The first village allotments were created in Lewes Road in 1915, but in 1920 this land was sold  - much to the anger of plot holders who were dismissed before their crops were harvested.  Something had to be done - and Elizabeth Sarah and Agnes Mary Attree, descendants of the redoubtable Thomas Attree, gifted Cox’s Field in North End.  Despite ‘plagues’ of moles, rats and rabbits and arguments about the size and suitability of huts versus toolchests, plus irregular claims of marrow thefts and tampering with show exhibits by jealous growers, the allotments field remains 100 years later the tranquil haven John Stenning wrote of in 1923 ‘everything looked really good, the paths were straight and tidy and the growth excellent’.

In 1922 Ditchling Horticultural Society celebrated the centenary Flower Show in Star Field with Harris’ roundabouts and swing boats.  It was held on the last Wednesday in July marking the end of the school year.  Schoolgirl Gertrude Waller recalls: ‘The day before the show, we would go out and gather wild flowers and, on the morning, we would take them up and hope we would be the one that the judge picked out. We school children did a display of the Maypole, in and out we would weave with all the pretty coloured ribbons, we were so proud.’

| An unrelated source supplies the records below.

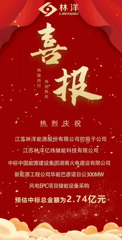 中國儲能網(wǎng)訊:5月23日晚間,林洋能源(601222.SH)發(fā)布公告,公司控股子公司江蘇林洋億緯儲能科技有限公司正式中標(biāo)中國能源建設(shè)集團(tuán)湖南火電建設(shè)有限公司新能源工程公司華能巴彥諾日公300MW風(fēng)電EPC項(xiàng)目儲能設(shè)備采購,預(yù)估中標(biāo)總金額為2.74億元。
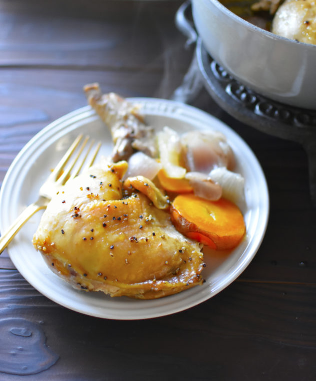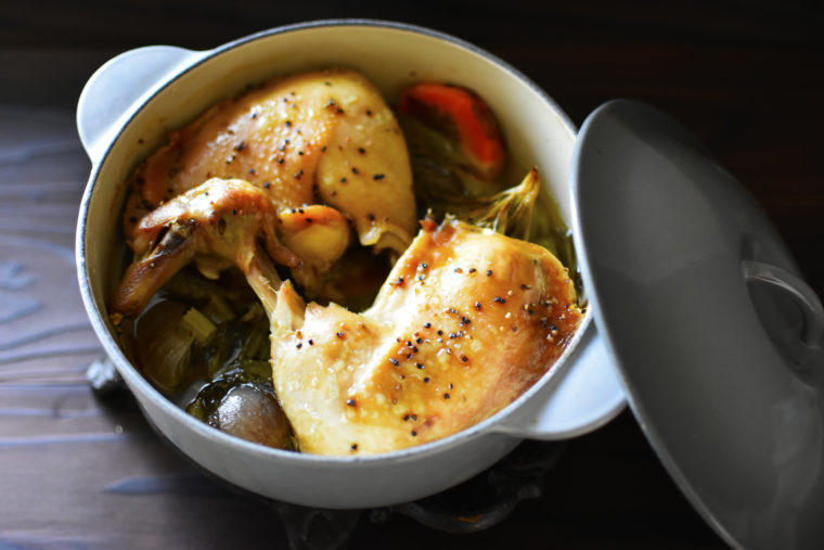 低温調理でほうっておくだけ!しっとりジューシーなやわらかチキンです。骨付き鶏肉をお野菜と一緒にオーブンに入れるので、一緒に入れた野菜を付け合わせやスープにアレンジできて一石二鳥。140度の低温でじっくりと加熱することで、お肉がほろりとほどけるやわらかさになります。
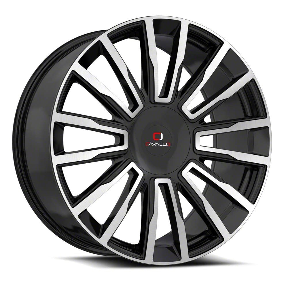 This 26x9.5 Cavallo CLV-47 Gloss Black and Machined 6-Lug Wheel; 26x9.5; 25mm Offset is completed in a high-quality gloss black finish with steel machined accents that will make everyone take notice. For added looks and strength, the wheel features a durable clear coat that withstands the rigors of daily driving.
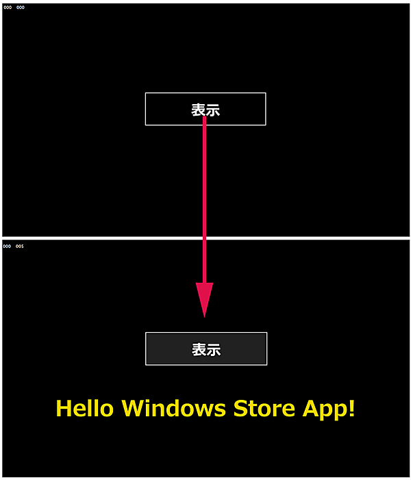 ボタンクリックで「Hello Windows Store App!」と表示する
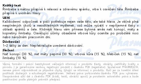 Řimbaba s mátou přispívá k relaxaci a zdravému spánku, vrba k osvěžení těla. Řimbaba přispívá k uvolnění hlavy.
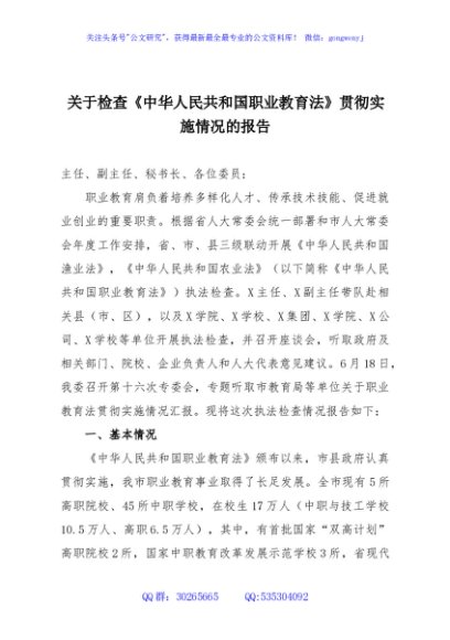 / 关于检查《中华人民共和国职业教育法》贯彻实施情况的报告
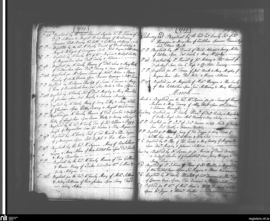 St. Finbarr's, Cork city; County of Cork; Diocese of Cork and Ross. Baptisms, Feb. 1789 to Mar. 1789
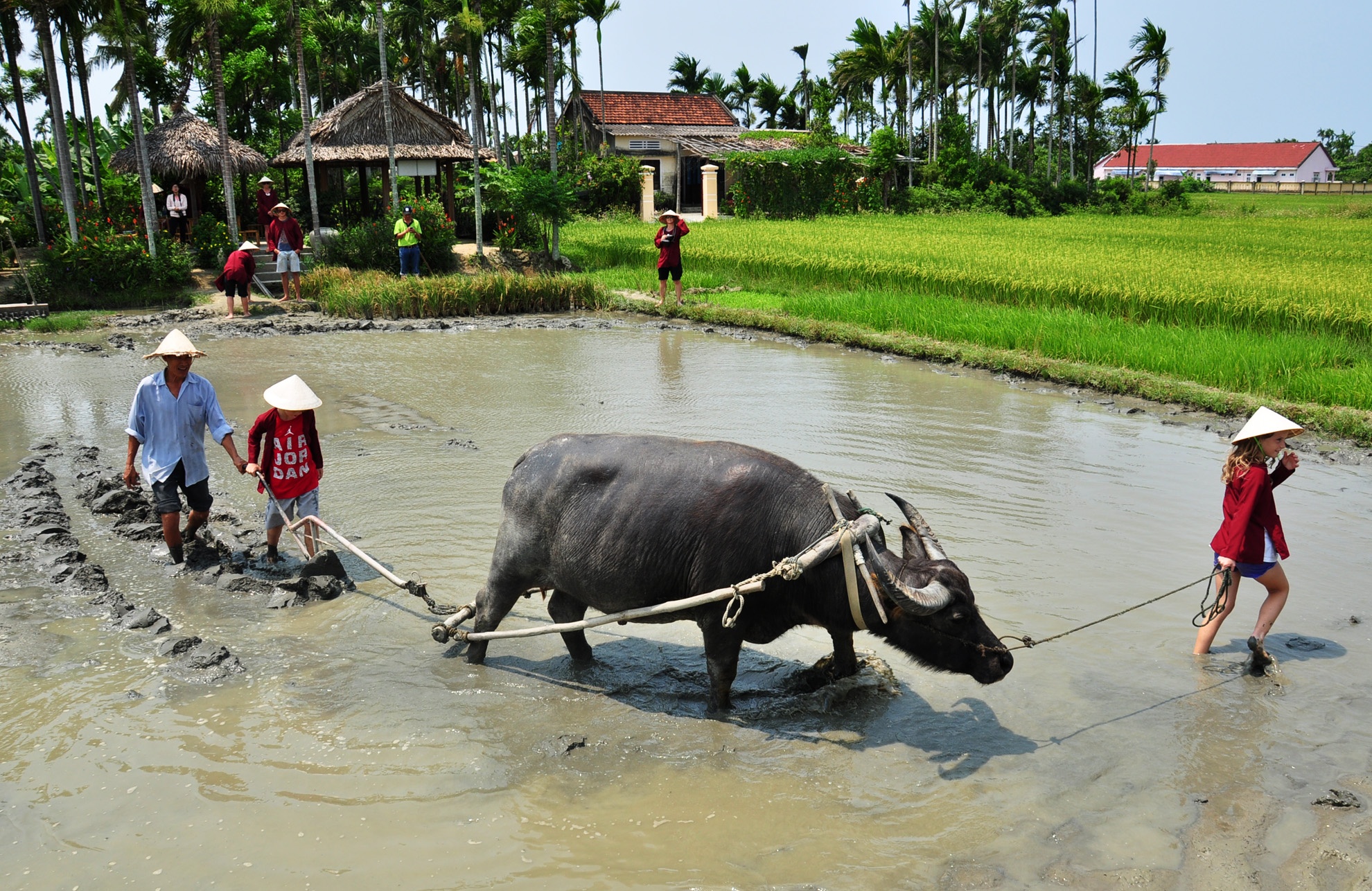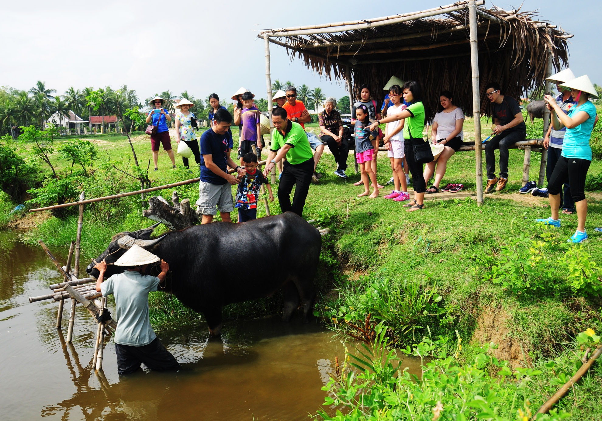 Trước nhu cầu trải nghiệm khám phá đồng quê ven phố cổ Hội An của nhiều du khách, năm 2010, anh Trần Văn Khoa, giám đốc một công ty lữ hành đã đầu tư hàng trăm triệu đồng đầu tư xe trâu bằng tre, trạm dừng chân bằng tranh tre nứa lá, khuyến khích người dân ở xã Cẩm Thanh nuôi trâu làm du lịch.

Frank Buffard, son of James Buffard (founder and trustee of the Ditchling Mission Hall, South Street) remembers the competitions at the shows, ‘in particular climbing the greasy pole.  For the spectators this was the most amusing item … the pole was 18 to 20 feet high, smothered in grease from top to bottom.  Competitors put on their oldest clothes.  Cheers and groans and laughter filled the air.  Whether the participants enjoyed it as much as we did is doubtful.  The prize was a young pig.’

The 150th anniversary show in July 1972, held on the village green, was opened by Dame Vera Lynn who was a supporter of many village organisations including Ditchling Horticultural Society.  Here George Harbour is shown being presented with the Copper Kettle.    George, the son of Charles and Annie Harbour, grew up at Lexden Cottage where his father was head gardener for Mrs Charlton at Lexden in Lewes Road.  He took over from his father as head gardener winning many prizes in the ‘professional classes’.

Twenty-five years ago, the Horticultural Society celebrated its 175th anniversary with a two-day celebration on the village green.  A marquee was erected for the Flower Show and an anniversary Flower Festival was held in St Margaret’s Church.  Chairman Barry Cox described the entries as first class while the show Secretary Dick Morley thanked all who had been involved including the ladies of the Women’s Institute who provided the teas.  According to the local newspaper report, even the sudden and unexpected power cut to the barn and Church hardly disrupted the celebrations as ‘valiant volunteers went to and fro from barn to village hall with hot water for the teas!’

The author Esther Meynell wrote several books on Sussex with chapters on her adopted village of Ditchling, she also contributed to periodicals under the pseudonym E Hallam Moorhouse.  In 1922, the centenary year of Ditchling Horticultural Society, she wrote an article about the anniversary show in the August 12th edition of ‘The Field’ finishing with the words: 'It is a bit of Old England still full of lusty life, and it is to be hoped that it may still be as full of vigour when its two hundredth anniversary comes round'.